Through the wonders of time travel, Ekcolir had been coached by Syon, the artificial lifeform that still carried all of Trysta's memories. The illustration to the right (above) depicts Syon in the process of training Ekcolir for his mission to Earth (bottom). This cover illustration is not entirely accurate, but it is meant to show Ekcolir being allowed to look into his own future and observe scenes from his life with Trysta on Earth.

At the top of the cover illustration for Trysta and Ekcolir, Trysta is shown using her own nanite-powered Viewing technology to watch Syon and Ekcolir while they discuss Trysta. This is a cute visual, but in Trysta and Ekcolir, it never actually happens that way. Instead, Trysta is completely taken by surprise when Ekcolir comes into her life. They both fall madly in love and Ekcolir impregnates her. Trysta is astounded by her pregnancy since she is certain that no Earthling is biologically compatible with her.

An Ek'col male and
an Asterothrope female.
Although Trysta's body has been shaped by developmental control nanites so as to give her the physical form of a human, she is actually an Asterothrope, a different species from ten million years in our future. In the Ekcolir Reality, Trysta's first child is a boy named Thomas. The second child of Trysta and Ekcolir is a girl named Gwyned.

Catastrophic sea level rise in the Ekcolir Reality.
Before she even knows that she is pregnant, Trysta fails to control her nanites and they quickly invade the developing embryo. Thomas goes on to develop an unusual brain structure and he even has some nanite-mediated telepathic contact with Trysta even before he is born. Thomas' brain is unique and valuable and the Interventionists end up making a whole series of "Thomas clones" who are used as Interventionist agents on Earth.

Gwyned
When Ekcolir impregnates Trysta the second time, she is ready and the brain of Gwyned develops along a more normal human trajectory. Still, Trysta's nanites are in Gwyned's brain from the start and she becomes passionately curious about the natural world.

The Buld Reality
The Ekcolir Reality does not offer a very pleasant future for Earthlings, but eventually the Trysta-Grean Pact is established and the Buld Reality comes into existence. Due to the momentum of Time, there is a "new version of Ekcolir" in the Buld Reality, an Ek'col male named Deomede.

Gwyned's family tree.


Trysta arranges to move from the Ekcolir Reality into the Buld Reality and she travels back through time to the 1930s. Trysta and Deomede have two children, one named Andy and a second Gwyned.

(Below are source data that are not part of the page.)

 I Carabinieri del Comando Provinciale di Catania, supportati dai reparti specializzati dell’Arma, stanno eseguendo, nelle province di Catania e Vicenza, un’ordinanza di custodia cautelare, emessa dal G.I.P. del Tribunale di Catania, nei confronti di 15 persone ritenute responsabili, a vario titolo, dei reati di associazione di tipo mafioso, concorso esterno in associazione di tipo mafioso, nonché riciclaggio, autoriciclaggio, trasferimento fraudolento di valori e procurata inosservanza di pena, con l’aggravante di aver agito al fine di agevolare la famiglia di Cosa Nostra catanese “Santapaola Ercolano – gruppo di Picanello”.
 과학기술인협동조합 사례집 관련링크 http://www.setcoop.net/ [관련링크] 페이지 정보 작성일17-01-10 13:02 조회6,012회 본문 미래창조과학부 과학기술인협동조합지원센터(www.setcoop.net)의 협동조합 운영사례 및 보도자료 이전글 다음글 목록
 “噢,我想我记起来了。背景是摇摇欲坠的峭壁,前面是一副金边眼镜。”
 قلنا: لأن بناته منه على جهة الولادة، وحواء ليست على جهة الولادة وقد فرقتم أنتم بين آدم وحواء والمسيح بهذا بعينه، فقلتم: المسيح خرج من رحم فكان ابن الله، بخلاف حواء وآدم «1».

Something of a born-scientist, Gwyned goes on to earn a Ph.D. in nuclear physics. She manages to alarm Deomede with her plans to develop nuclear fusion power plants, so Gwyned is teleported off of Earth and sent to Lendhalen.

Fru'wu
Trysta never forgets about her "lost daughter", the Gwyned who was born into the Ekcolir Reality and lost to Time. Later, when Trysta has ended her biological existence and transferred her mind into the artificial lifeform known as Syon, she helps train Ekcolir for his mission to Earth. She also gestates a new "copy of Gwyned", genetically identical to the Gwyned of the Ekcolir Reality. This "new Gwyned" is named "Gwen".

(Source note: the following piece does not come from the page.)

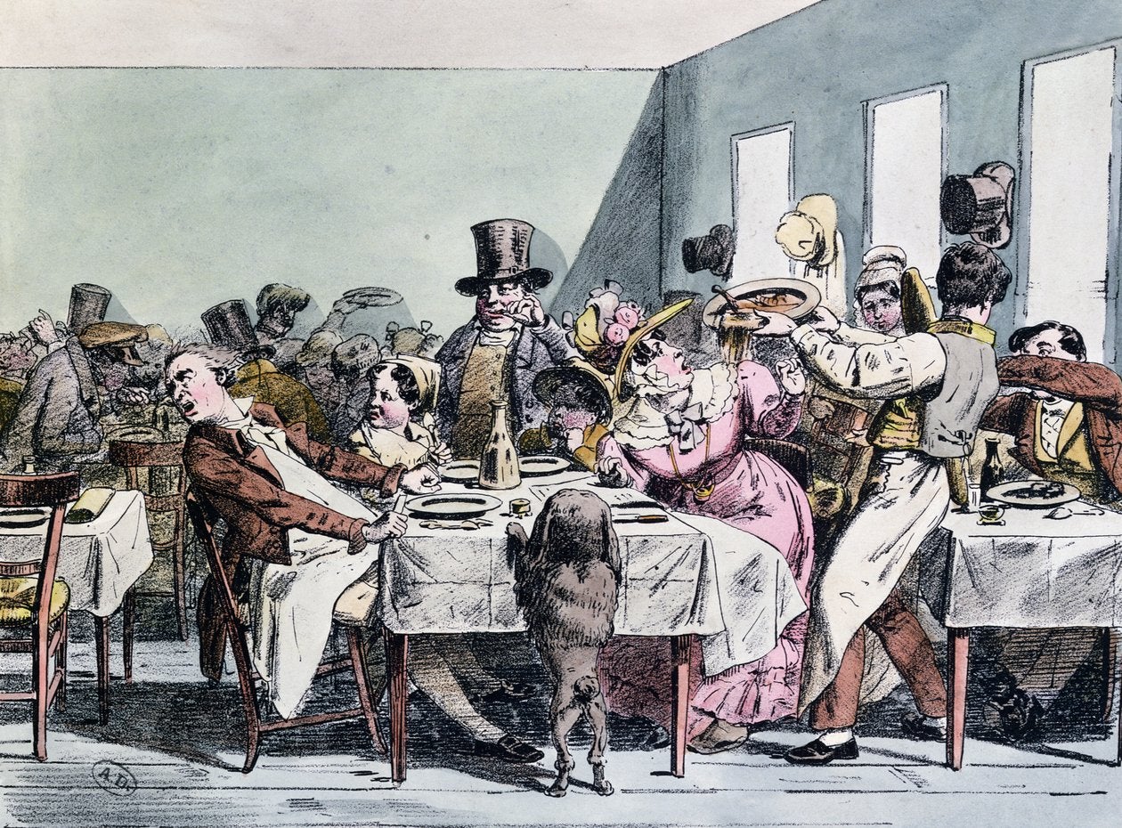 *** Dibujo de “Experiencia encantadora de una familia en un restaurante abarrotado,” c.1860 · Henri Bonaventure Monnier. Bibliotheque des Arts Decoratifs, Paris, France / Bridgeman Images

I'm currently trying to find an interesting way for Gwen to be brought over into the Buld Reality (the world as we know it). Technically this is no problem, since Syon carries nanites that can function as a temporal field generator. I want Gwen to have an interesting life, perhaps investigating the relationship between Lendhalen's leaders (such as Pla'kau) and the alien Fru'wu.